В конечном счете данная логика рассуждений вместе с логикой эволюционного развития приводит к идее о создании виртуального мира, в котором начинает жить человек (мира, созданного языковыми или, обобщая, семиотическими средствами). И здесь идеи Дикона и Данбара пересекаются и совпадают. Данбар даже использует выражение «имажинация» и под ним подразумевает религию, рассказывание историй и т.д. Это означает, что средства, созданные для коммуникации в социальной группе, преображаются в средства для создания внутреннего и внешнего виртуального мира (культуры), которая становится новой формой реальности, в которой живет человек определенного уровня эволюционного развития.

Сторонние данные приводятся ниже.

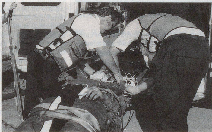
Le groupe de sauvetage de l'armée vient à la rescousse...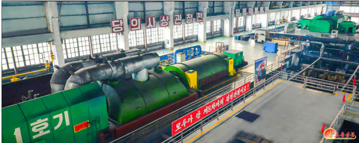
La centrale thermique

Le rapport du 9e plénum note que les 12 objectifs de développement économique national ont tous été atteints pour l'année, notamment 103 % de la production de céréales, 102 % de l'acier laminé, 131 % des métaux ferreux, 105 % des produits de la mer et 109 % de la construction de logements, entre autres secteurs. Il a également été noté que, par rapport à 2020, année où la pandémie de la COVID 19 s'est déclarée au niveau mondial, la production d'acier laminé a été multipliée par 1,9, celle de machines-outils par 5,1, celle de ciment par 1,4 et celle d'engrais par 1,3. On note que le PIB a été multiplié par 1,4 par rapport à 2020.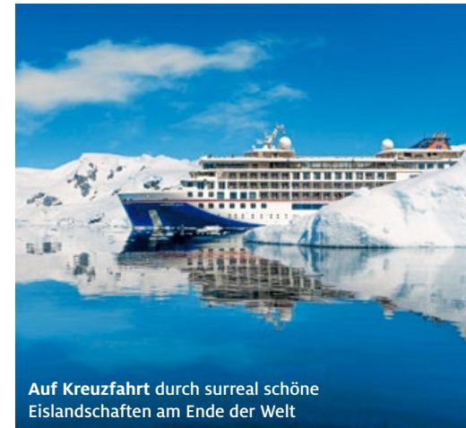
Auf Kreuzfahrt durch surreal schöne Eislandschaften am Ende der Welt

Am Dienstag, 23. September 2025, ab 18 Uhr entführt das ADAC Reisebüro Neustadt gemeinsam mit den Experten von Hapag Lloyd Cruises in die faszinierende Welt der Antarktis: majestätische Gletscher, schimmernde Eisberge und faszinierende Tierarten, darunter Pinguine, Wale, Robben, Seeelefanten, Seebären und eine Vielzahl von Seevögeln. Vorgestellt werden die kleinen Expeditionsschiffe, die bei der Kreuzfahrt durch die Antarktis abseits der ausgetretenen Pfade Anlandungen an unberührten Küsten und kleinen Inseln ermöglichen. Noch schöner als der Infoabend ist nur die Reise selbst.

Сопоставительные исследования Данбара свидетельствует о том, что и в эволюции, и при сравнении современных антропоидов с человеком основные отличия заключаются в развитии социальных способностей — таких как способность, получившая название «теории разума», и социальная способность, возникшая на основании системы зеркальных нейронов. В реальных повседневных общих видах деятельности, т.е. в реальном сотрудничестве (кооперации), жизненно важна способность интерпретации ментальных состояний (намерений, позиций, интересов) других членов социальной группы, особенно способность учитывать ментальные состояния большинства членов группы. Данная способность относится к так называемым исполнительным когнитивным функциям и имеет локализацию в префронтальном кортексе. А префронтальный кортекс, как мы убедились, пережил развитие в ходе эволюции именно благодаря приспособляемости к усложняющимся требованиям в увеличивающихся социальных группах. Говоря о социально-когнитивных способностях, Данбар высказывает предположение, что языковая способность возникает как эффективное регулятивное средство для упорядочивания отношений в крупных социальных группах, которые формируются в антропогенезе.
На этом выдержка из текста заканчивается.